They
had scarcely any officers, or even _sous_ officers, that knew anything of
their business. The drill sergeants required to be drilled. The generals,
and indeed the greater part of the officers, were divided into hostile
factions--Absolutists, Rouges, Constitutional Liberals, and even
Austrians--for at that time, in the exaggerated terror occasioned by the
revolutions of 1848, Austria and Russia were looked up to by the greater
part of the noblesse of the Continent as the supporters of order against
Mazzini, Kossuth, Ledru Rollin, and Palmerston. The Absolutists and the
Austrians made common cause, whereas the Rouges or Mazzinists were
bitterest against the Constitutional Liberals. Such an army, even if
there had been no treason, could not have withstood a disciplined enemy.

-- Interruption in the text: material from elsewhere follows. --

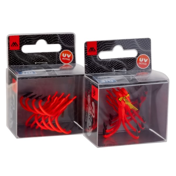 Всяка опаковка съдържа 4 броя тройни куки Mikado Jaws Vertical UV Orange.

When it fell a victim to its own defects, and to the treachery of
Ramorino, Chrzanowski retired to Paris.'--(_Extracted from Mr. Senior's
article in the 'North British Review.'_)
Chrzanowski died several years ago.--ED.]
CORRESPONDENCE.
Kensington, August 20, 1856.
My dear Tocqueville,--A few weeks after my return to London your book
reached me--of course from the time that I got it, I employed all my
leisure in reading it.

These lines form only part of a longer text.